Original post made on Nov 4, 2016

Low-income seniors will soon have a new place to live in Menlo Park.

Read the full story here Web Link posted Friday, November 4, 2016, 10:34 AM

Comments (5)

Posted by Dana Hendrickson
a resident of Menlo Park: Central Menlo Park
on Nov 4, 2016 at 5:26 pm

This is great news. Thank you MidPen Housing Corp! Do you have any other housing opportunities planned in Menlo Park?


Posted by Stats
a resident of Menlo Park: South of Seminary/Vintage Oaks
on Nov 6, 2016 at 11:40 am

@Dana,
I believe that Facebook has an agreement with MidPen to build additional housing with the 6.5M Facebook committed to housing as part of the next stage of Bayshore development:

Web Link


Posted by Menlo gal
a resident of Menlo Park: Downtown
on Nov 7, 2016 at 6:18 am

Five people in a 2 bedroom apartment is a lot. Is that number correct? Whether that number is correct or not, senior low-income housing often brings their adult children and grandchildren whatever the restrictions. A neighbor of my sister's rented out their house as low-income senior housing, but the property is heavily used by adults of working age. During the warmer weather,adult males of working age would be drinking on the lawn at 11:00a.m. on a weekday. The property gets rented as low-income because of the one senior, but you get their adult children and their adult children friends, who don't work. Thanks for the property devaluation neighbor. Senior housing restrictions should be tighter about who and how many adults and children under 18 can be living in a complex. These restrictions should also be enforced.


Posted by MP Resident
a resident of Menlo Park: Downtown
on Nov 7, 2016 at 1:14 pm

Instead of throwing a fit about people gaming a bad system (housing set-asides for 'special' groups), how about we work towards fixing the Peninsula-wide supply and demand imbalance?

The people who get these apartments are essentially lottery winners. We're creating winners and losers due to the truly insane level of under-building over the last few decades, and the only reasonable longer term fix is to build more housing.
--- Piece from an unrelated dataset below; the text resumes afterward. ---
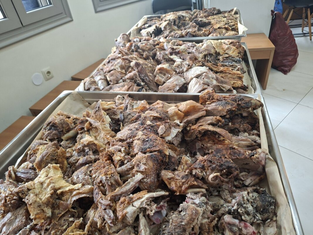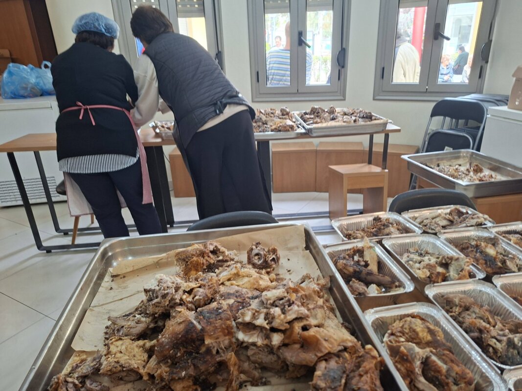 Πάσχα 2026 στα συσσίτια του Αγίου Δημητρίου Αγρινίου με 15 αρνιά τα οποία ψήθηκαν και προέκυψαν 183 μερίδες και 4 για τα κρατητήρια της Αστυνομίας.

Your property values may slow down if there's enough supply, but the alternative is worse.


Posted by Apple
a resident of Atherton: other
on Nov 7, 2016 at 1:27 pm

@MP Resident

I agree with you that we need to fix the supply-demand imbalance by drastically increasing the supply. However, I don't see the Bay Area ever solving this problem. This is a fundamental case of tragedy of the commons. No municipality wants to add more housing, especially dense and lower income housing. It would put pressure on congestion, the schools, and city services without adding the same percentage to the tax base.

This small smattering of low-income housing is enough so that the politicians look good for doing "something" without having to deal with actually solving the problem.